Typically, each process begins with building an SQL database of the BIDS directory in the work folder; not too time consuming for my other datasets, so I don’t mind having it run for each subject even though it may not be the most efficient in theory. However, for the HCP dataset, none of my jobs have passed this step after 15 hours at time of writing, having devoted 40GB X 4 CPUS. And this happens for every subject.

Does anyone have any tips for processing an unwieldy large dataset? Would it make sense to include multiple subjects in a job to reduce the redundancies in recreating the database every time? Am I just not devoting enough memory? Should I try a workaround where I make a BIDS-compliant directory for each individual subject (hopefully not this :sweat_smile:)?

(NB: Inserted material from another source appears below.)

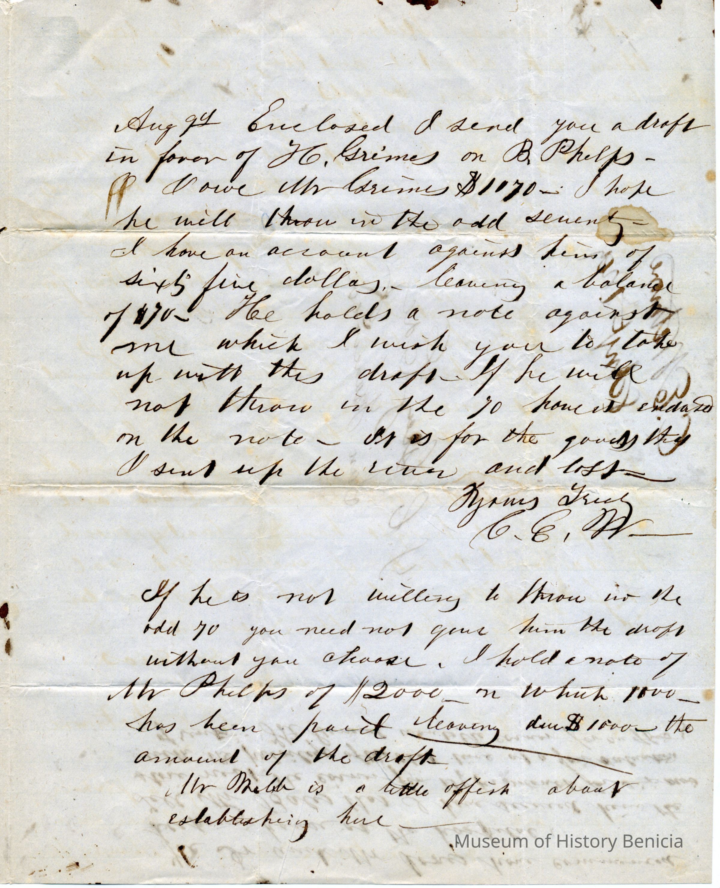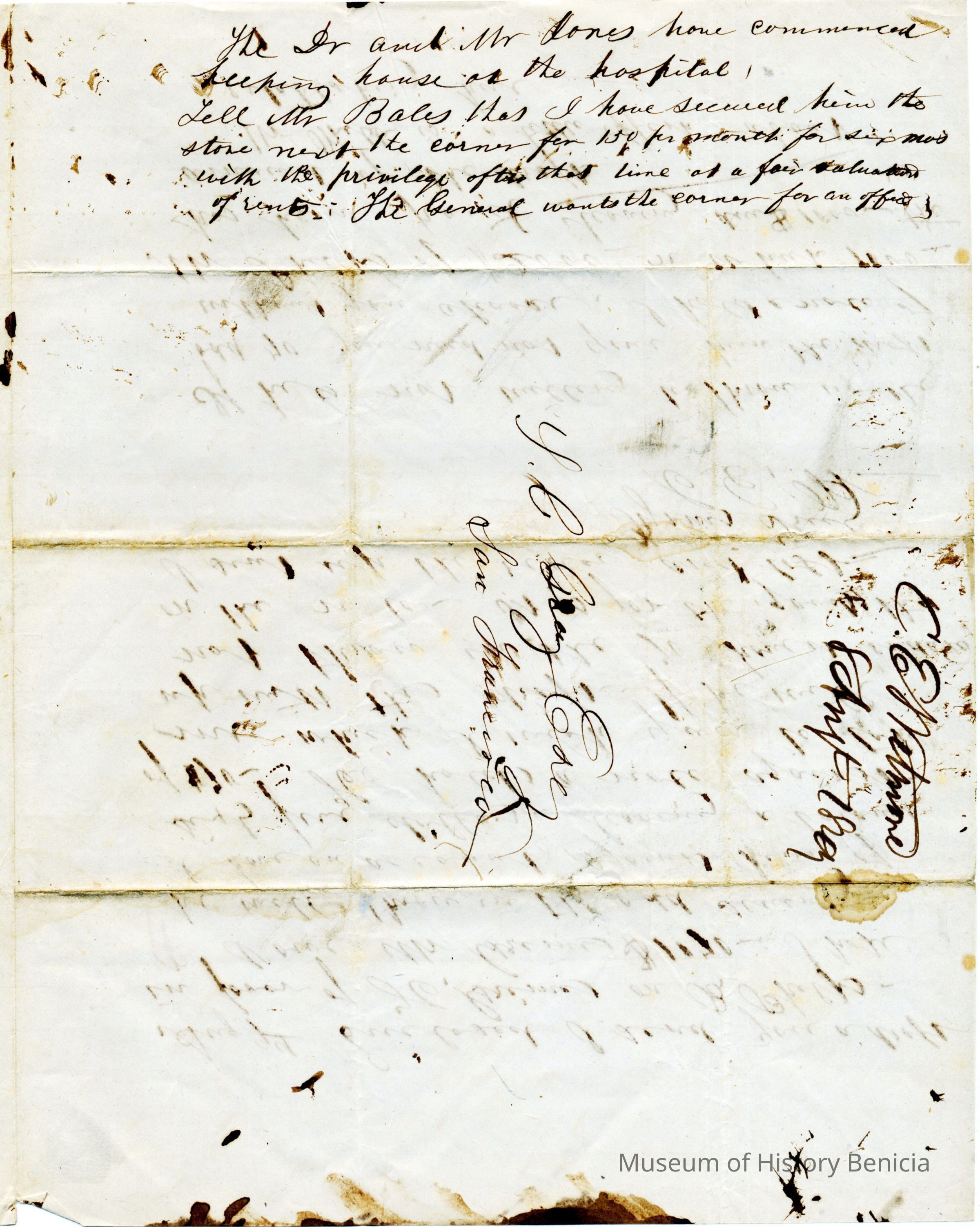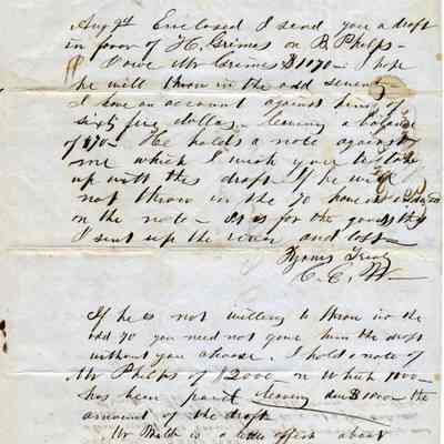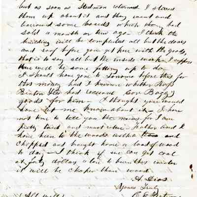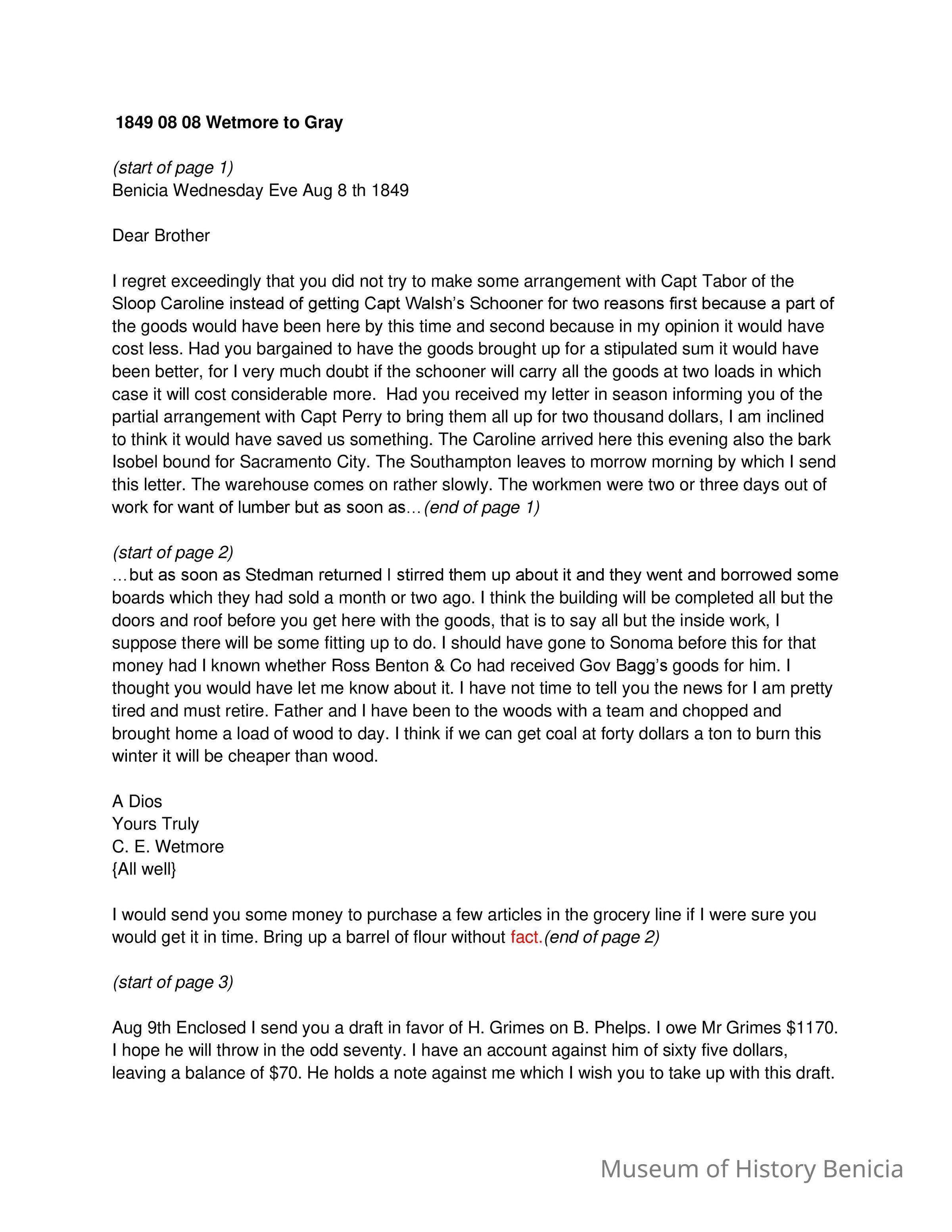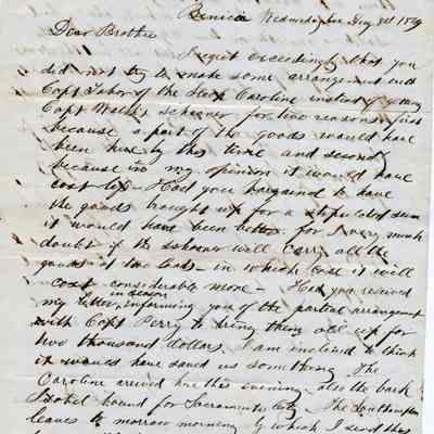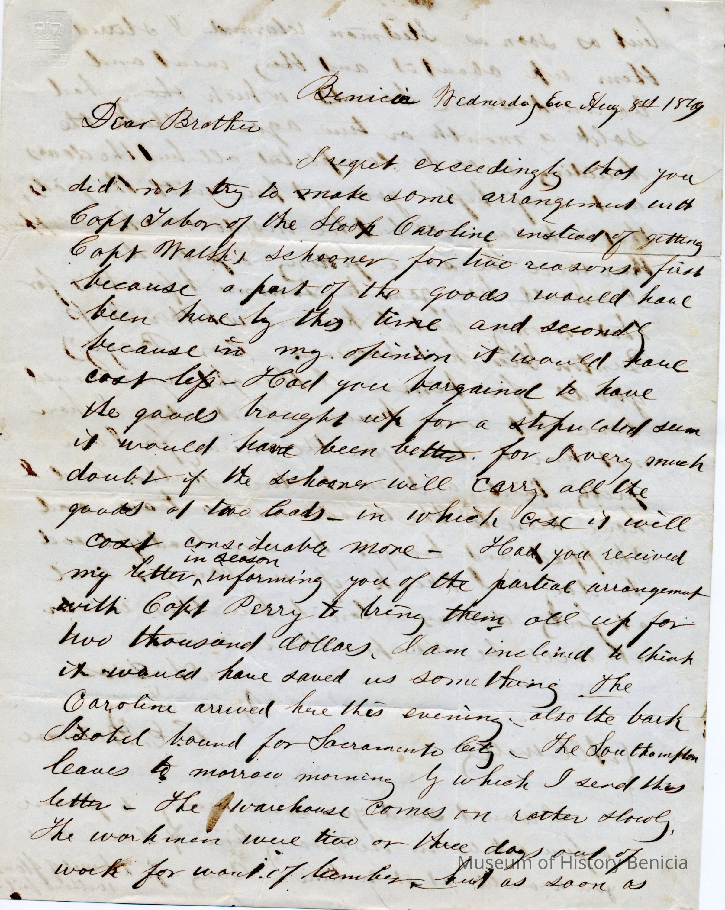 This is a letter from Chauncy Wetmore in Benicia to his brother-in-law regarding the shipping of merchandise. In a previous letter he had arranged to have some goods sent via the ship Caroline in an arrangement with Capt. Perry for $2,000. Samuel Gray had them shipped via another ship and Mr. Wetmore is not pleased. He also talks about a warehouse they are having constructed and delays encountered.Collection

Thanks, and happy to provide more info as needed!
Steven

Not sure if you’ve checked out brainlife, but it’s a platform meant for large dataset processing.

I don’t believe it has qsiprep though.

1 Like

Thanks for the quick reply! I have heard of brainlife.io but I’ve never uploaded data there (I typically just download their containers to run on my own). Good to know that it may be better suited for larger datasets.

They have access to quite a bit of processing resources, which is certainly convenient for large imaging studies. There’s even a BIDS upload command so that you can upload your BIDS data and hit the ground running with the BIDS-apps on the platform.

1 Like

I know fmriprep has:

--bids-database-dir

Path to an existing PyBIDS database folder, for faster indexing (especially useful for large datasets).

It doesn’t appear as thought mriqc has this option, and I’m not sure about qsiprep.

1 Like

That is very helpful to know and sounds like the fix for my problems (if only qsiprep had such an option)! Preliminary testing with brainlife.io is also running well.

1 Like